I like this tool because there is a possibility to run it inside a docker container without any extra installation steps, and it is easy to use.

After you finish, you can export results as COCO JSON format. And convert to TFRecords with https://github.com/tensorflow/models/blob/master/research/object_detection/dataset_tools/create_coco_tf_record.py.

Learning

This step is a crucial part of the whole process. At this step, we need to retrain our model to learn what is a traffic light color is. Luckily a lot of people did it already, and we can use their experience. One of the possible ways how to do it using Google Cloud is described here.

You need to adjust the process for your needs, and that’s all. In the end, you will have a new model which then you can use for your needs.

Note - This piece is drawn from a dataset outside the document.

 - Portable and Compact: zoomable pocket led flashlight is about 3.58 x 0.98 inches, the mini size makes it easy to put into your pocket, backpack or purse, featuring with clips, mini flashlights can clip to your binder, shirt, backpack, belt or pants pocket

The precision and speed of learning depend on your model setting. If you want to read more about, this might be a good starting point: detection_model_zoo

Validate and visualize the result

At the last step you, probably would like to see your new model in action, for that, we can use an already familiar ipynb file here. You will need to change a few things there:

  1. Test image
  2. Path to your labels map
  3. Path to the newly created frozen graph

For my example result looks like this:

green_detection

Looks pretty good!

Conclusion

This article was a brief overview of resources and approaches to transfer learning using existing AI tools. How, without an in-depth knowledge of Cloud Computing and Deep Learning in a short time, you can create an outstanding production-ready solution. Area of application is limited only by the imagination and passion for learning and creating.

Thank you for reading, and I wish you all the best!